Today is officially a Very Sad Day.

Iain Banks has gone from Very Poorly to having sustained Lasting Damage

For me, this is a big deal. It's a big deal for a great deal of the literary world, I know, but it feels massively personal to me. Iain was one of the founders, not only of my love of speculative fiction, but of my love of fiction in general. And for that, first and foremost, I thank him.

I will always remember the holiday I took aged 15 to Costa Rica. Not only for the awfully cute sloths, the raccoon that invaded our hotel room, the coati's round every corner or the other astonishing wildlife of that country so Sweet and Full of Grace, but also for The Algebraist. I spent much of those two weeks devouring The Algebraist, and as a result it holds a special place in my heart. An intensely epic space opera, outside of The Culture series, it dragged me in to a complex, exciting, different science fiction world. I'd read YA fantasy and Ender's Game, but nothing struck me the way The Algebraist did.
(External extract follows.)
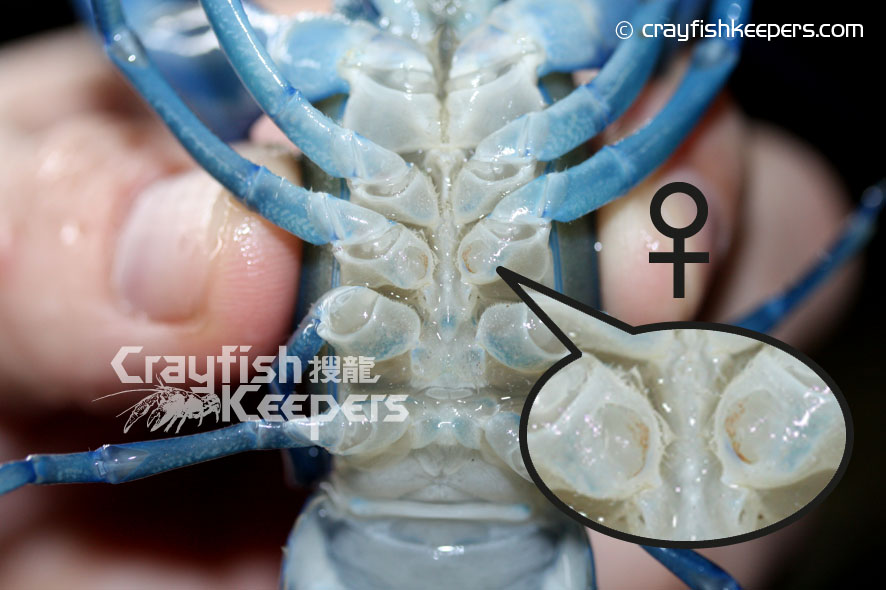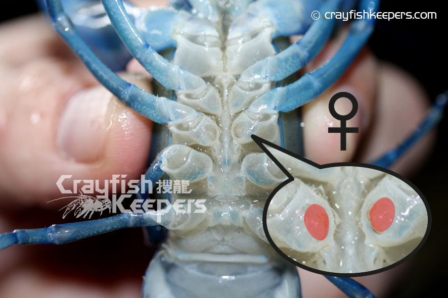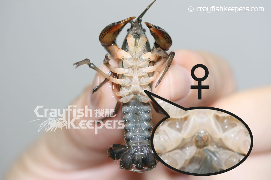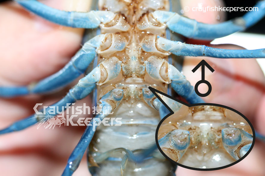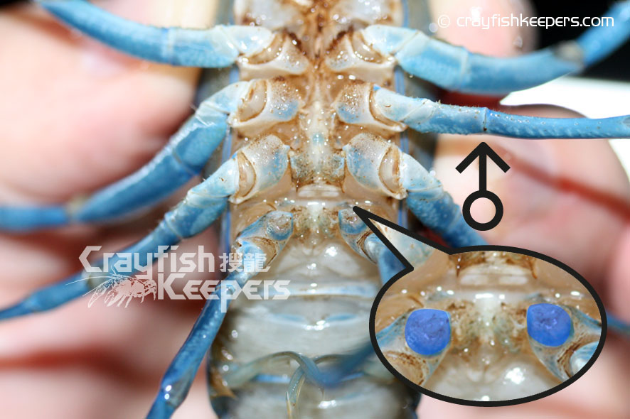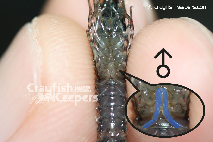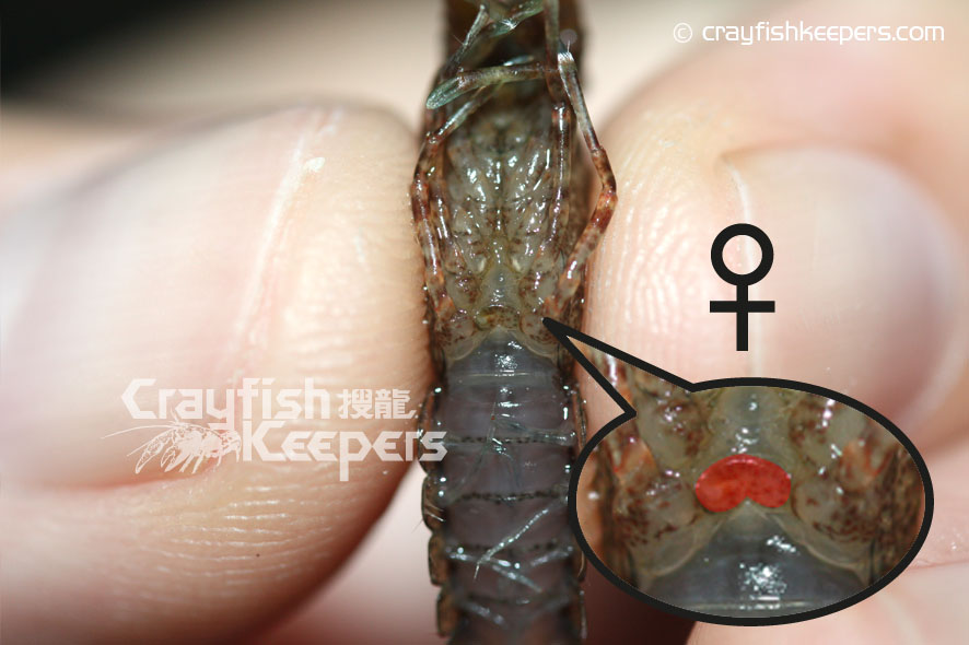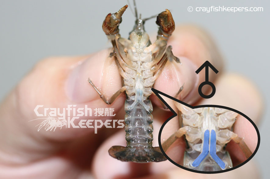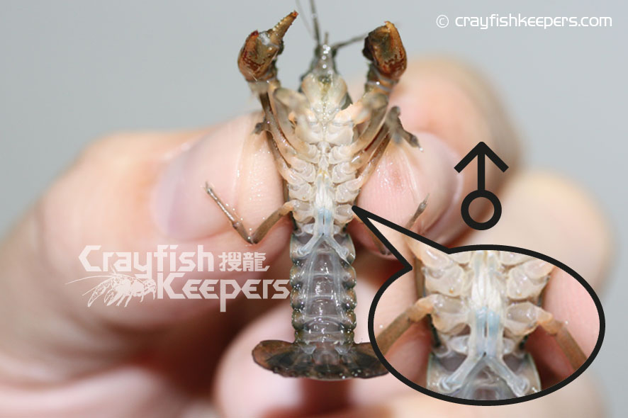 要鑑定螯蝦的性別,最準確的方法是看看牠們位於底部的生殖器,對於大部份螯蝦如Cambarus Procambarus 和迷螯Cambarellus等品種都能在第四、五對步足之間找到明顯的性徵,雄性在泳足上排有一對輸送精子的交尾器Gonopod,而雌性則有一個接收精子的儲精囊annulus ventrials(sperm receptacle),基本上從兩者之間明顯的性徵便能輕易分別出螯蝦的性別。但對於像Cherax屬的品種卻較難分別,雄性的的交尾器長在第五對步足近身體的部位,程現兩處凸起的小鉤狀,至於雌性則在第三重對步足近身體的部位有兩處程圖形的小孔就是生殖孔Gonoporen。對於太小的螯蝦幼體來說,不論任何品種,由於性徵還未明顯,單靠肉眼是無法準確分別的,而成體我們往往能從牠們的鉗形大小和尾部的寬度分別得到。

As a result, I read, with Furious Purpose, as much as I could get my hands on. Its a testament to the enduring legacy of Banks that I own the amount that I do: 15 y/o me couldn't really afford new books, instead he went to charity shops and (to my shame - I don't do it any more, it was Youthful Indiscretion) stole to fuel my reading. I ended up reading the entire Culture series in a year,  as well as finding copies of The Wasp Factory and The Bridge. Since then, I've reread many and bought to complete my collection. He is the only many-title author, apart from J.K. Rowling, whose books I own all of. And six years later I still read and reread. You are a giant standing on the shoulder of giants: Of Course I Still Love You.

 I think one of the things that most affects me is that this is an author who was productive, and whose work I loved, while he was still producing it. When Jack Vance died, I'd read a book by him, but he didn't feel 'real'. His death felt like an Unfortunate Conflict of Evidence between my brain and his living. Iain, yours feels raw. It feels like I know you, and I know many feel the same.

As a result of Consider Phlebas, I 'discovered' the mature works (not Cats...) of T.S. Eliot. As a result of The Algebraist I discovered stories Refreshingly Unconcerned With the Vulgar Exigencies of Veracity, aka, Science Fiction. As a result of Iain M. Banks, I discovered that what I already knew was a passion would become an obsession. Books were my New Toy. As a result of this obsession, I went to university to do English, I write, I want to go into publishing. Because of you.

Iain, I loved you.

I never got to meet you (you came to Blackwell's when I worked there, but I was on holiday), I never got to tell you how you impacted my life. I wrote on Banksophilia when I learnt you had cancer, and today I'm writing this fairly poxy blog post to publicly show my appreciation. No One Knows What The Dead Think but I hope that you like it, wherever you are.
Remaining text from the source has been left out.